Significance of considering the eGFR value before COVID-19 as the baseline value

Fig. 1B indicates that patients with low eGFRs pre-COVID-19 have increased eGFRs 12-months post-COVID-19 infection compared with pre-COVID-19 [85.5±17.2 vs. 73.4±15.5 ml/min/1.73 m2, respectively (P<0.001)], while the eGFRs were reduced in patients with normal eGFR pre-COVID-19 (110.4±22.4 ml/min/1.73 m2 pre-COVID-19 vs. 101.4±18.3 ml/min/1.73 m2 12-months post-COVID-19, P<0.001). However, when the changes in the eGFRs only in the post-COVID-19 stages were considered, taking the 4-months post-COVID-19 eGFRs as the baseline, the changes in eGFRs were not significant in any of the subgroups of patients.

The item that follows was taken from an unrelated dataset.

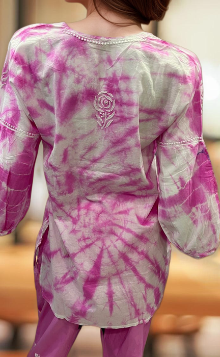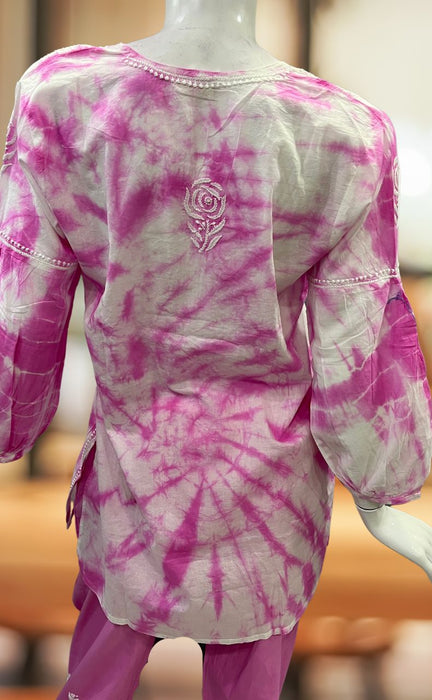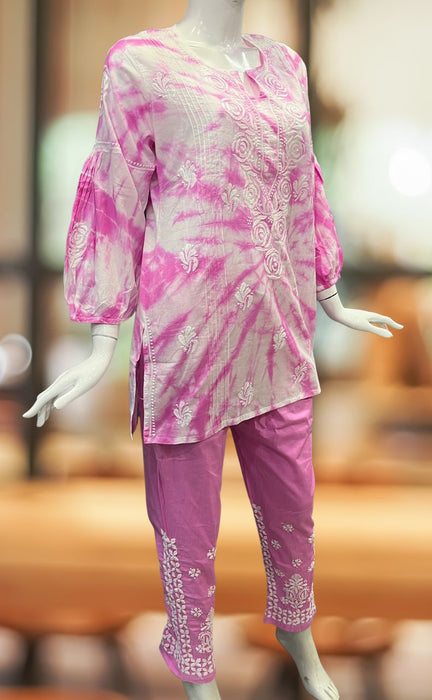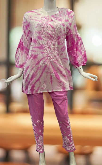 White/Pink Chikankari Short Kurti/Pant Co-Ord Set . Versatile Cotton Fabric. | Laces and Frills

For example, the 4- and 12-months post-COVID-19 eGFRs in the patients with normal eGFRs pre-COVID-19 were 106.1±16.2 vs. 101.4±18.3 ml/min/1.73 m2, respectively (P=0.207), and in the patients with low eGFRs pre-COVID-19 the 4- and 12-months post-COVID-19 eGFRs were 89.2±14.8 vs. 85.5±17.2 ml/min/1.73 m2, respectively (P=0.126). Additionally, Fig. 1C indicates that there is a high correlation between pre-COVID-19 eGFR and the change in eGFR at 12-months post-COVID-19 (r=-0.664; P<0.001). This lost significance when the eGFR at 4-months post-COVID-19 was correlated with the change generated between 4- and 12-months post-COVID-19 (r=-0.039; P=0.369) (Fig. 1D). The previous results indicated variations in the effects of the COVID-19 infection on the eGFR value among survivors. The eGFR changes depended on the value used as the baseline for the comparison (such as the pre-COVID-19 or the 4-months post-COVID-19 eGFR) and subsequently, its clinical implications.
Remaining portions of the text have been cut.